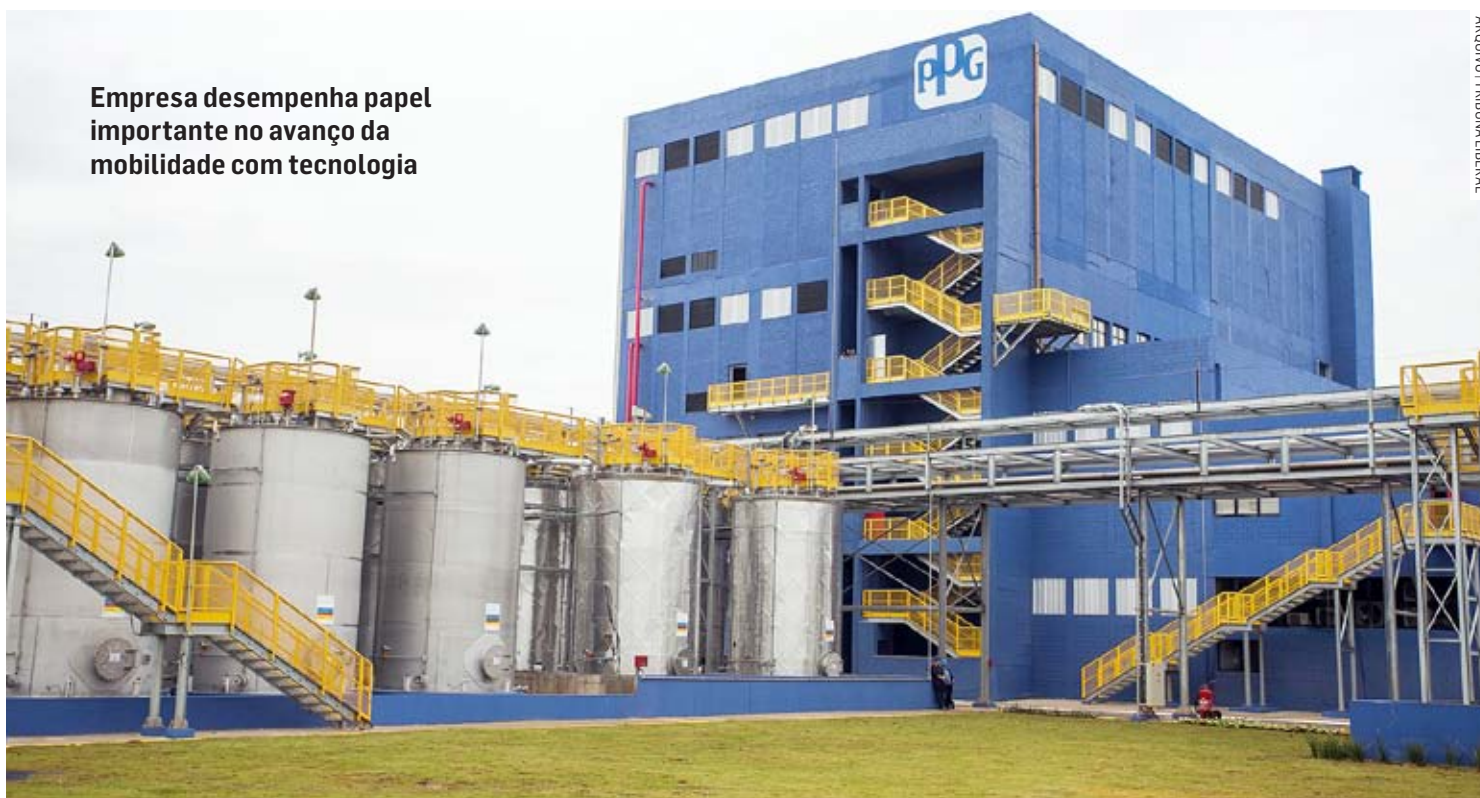
Empresa desempenha papel importante no avanço da mobilidade com tecnologia

Uma das soluções que a PPG tem apresentado ao mercado de BEV são os revestimentos funcionais para baterias, cujo objetivo é o de melhorar a segurança e o gerenciamento térmico destes equipamentos. A empresa lançou recentemente seu primeiro programa de produção para revestimentos de proteção contra incêndio de baterias (BFP) com Corachar®, linha de revestimentos intumescentes que permitem que os fabricantes automotivos possam revestir as tam-
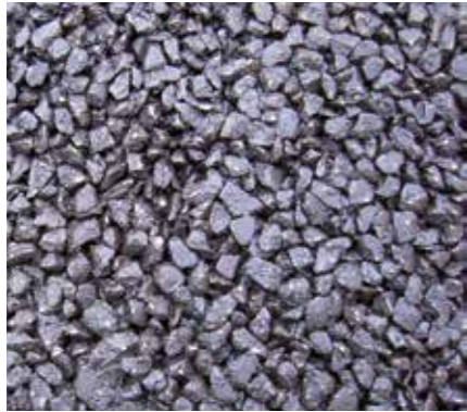
Struttura di supporto a base di asfalto

Le pavimentazioni semirigide del tipo Creteo®Phalt sono costituite da un supporto legato con bitume in cui gli spazi vuoti vengono poi riempiti con una malta fluida Creteo®Phalt. In tale modo si ottiene uno strato compatto, che combina in modo straordinario le caratteristiche della malta ad alta resistenza con la flessibilità del sistema bituminoso. Il tutto è realizzato con la posa di un supporto a base di asfalto con un contenuto di vuoti dell'ordine del 25-30 % che in una fase successiva vengono riempiti spargendovi sopra una delle malte ad elevata resistenza Creteo®Phalt.
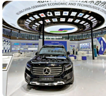
▲圖為本屆鏈博會中外經濟合作先行示範區展示點。
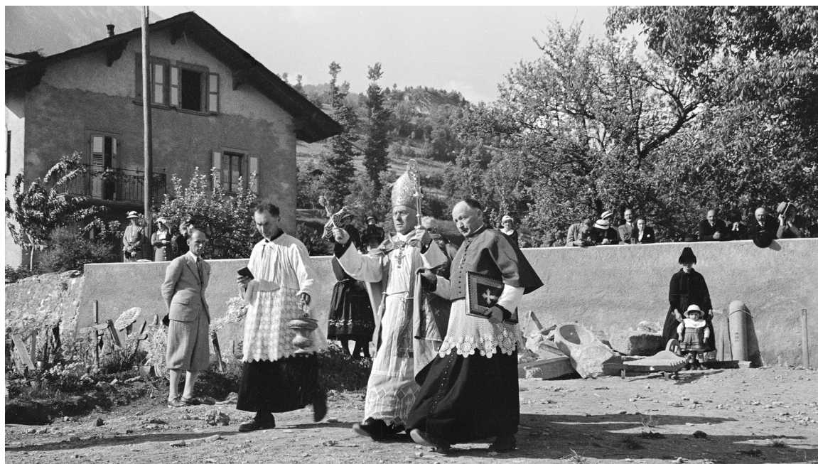
Bénédition du cimetière de Savièse, 28 mai 1934
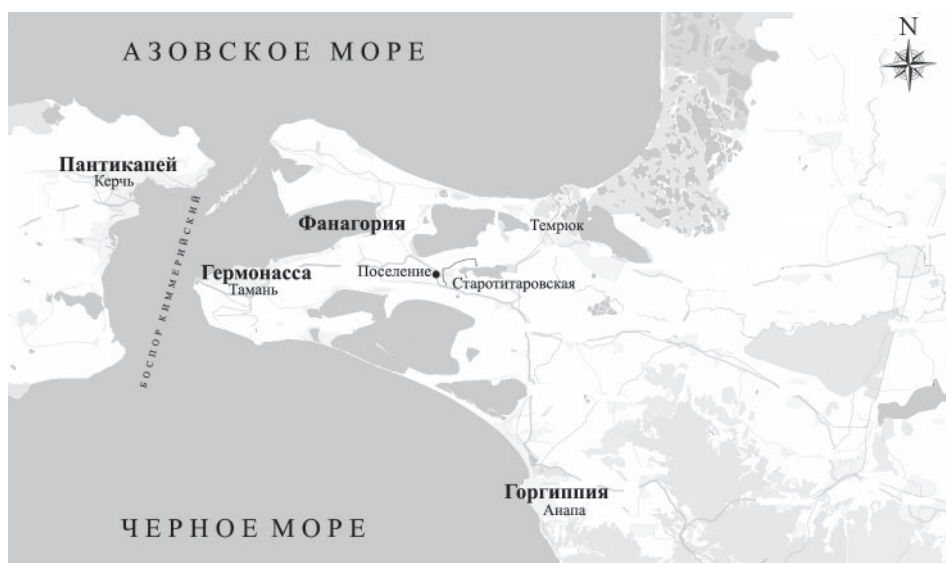
Рис. 1. Местоположение поселения у ст. Старотитаровская, 0,6 км Fig. 1. Location of the site of Chekups-2
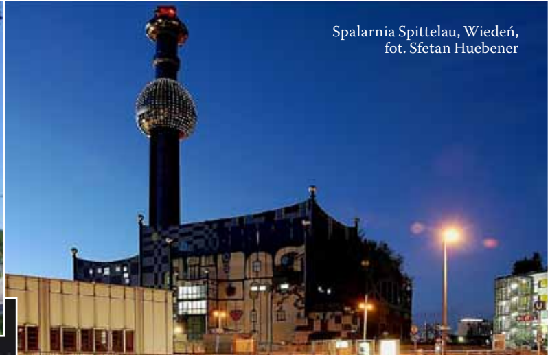
Spalarnia Spittelau, Wiedeń, fot. Sfetan Huebener
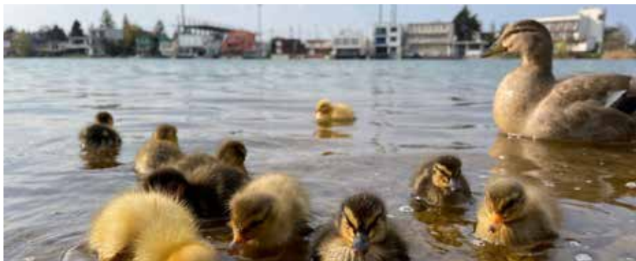
Čas pokoja vodného vtáctva na Slnčných jazerách sa pomaly končí. Letnú turistickú sezónu ovplyvnia protipandemické opatrenia. Od ich uvoľňovania bude závisieť režim v areáli.

Možnosť vyzdvihnúť si rozhodnutia k dani z nehnuteľností a poplatkom za odpady, prípadne iné daňové rozhodnutia na Mestskom úrade v Senci (tzv. dlhý týždeň) bude od 31. mája do 5. júna (vrátane) a v pondelok 7. júna 2021 v čase: pondelok – piatok 07:00 – 18:00 a v sobotu 8:00 – 12:00.
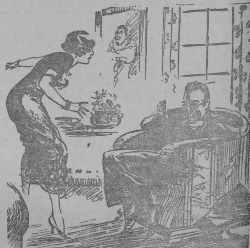
(The Passing Show, Londres.)

ELLA (alarmada).—¡Jack!... El niño se ha bebido la tinta. EL (distruido).—¿Y qué quieres?... ¿Que te preste mi estilográfica?
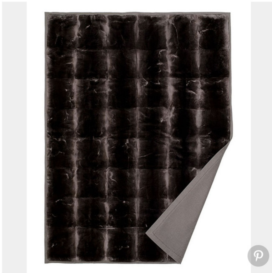
Couverture en fourrure doublée de cachemire (Loro Piana)

■ ■ ■ ■

WHAT YOU ARE ASKED TO DO =
Extract word for word every line from the line that contains "ELLA (alarmada).—¡Jack!... El" to the final line of the data, both included, and nothing else; skip the pictures.

RESULT OF THE TASK =
ELLA (alarmada).—¡Jack!... El niño se ha bebido la tinta. EL (distruido).—¿Y qué quieres?... ¿Que te preste mi estilográfica?
Couverture en fourrure doublée de cachemire (Loro Piana)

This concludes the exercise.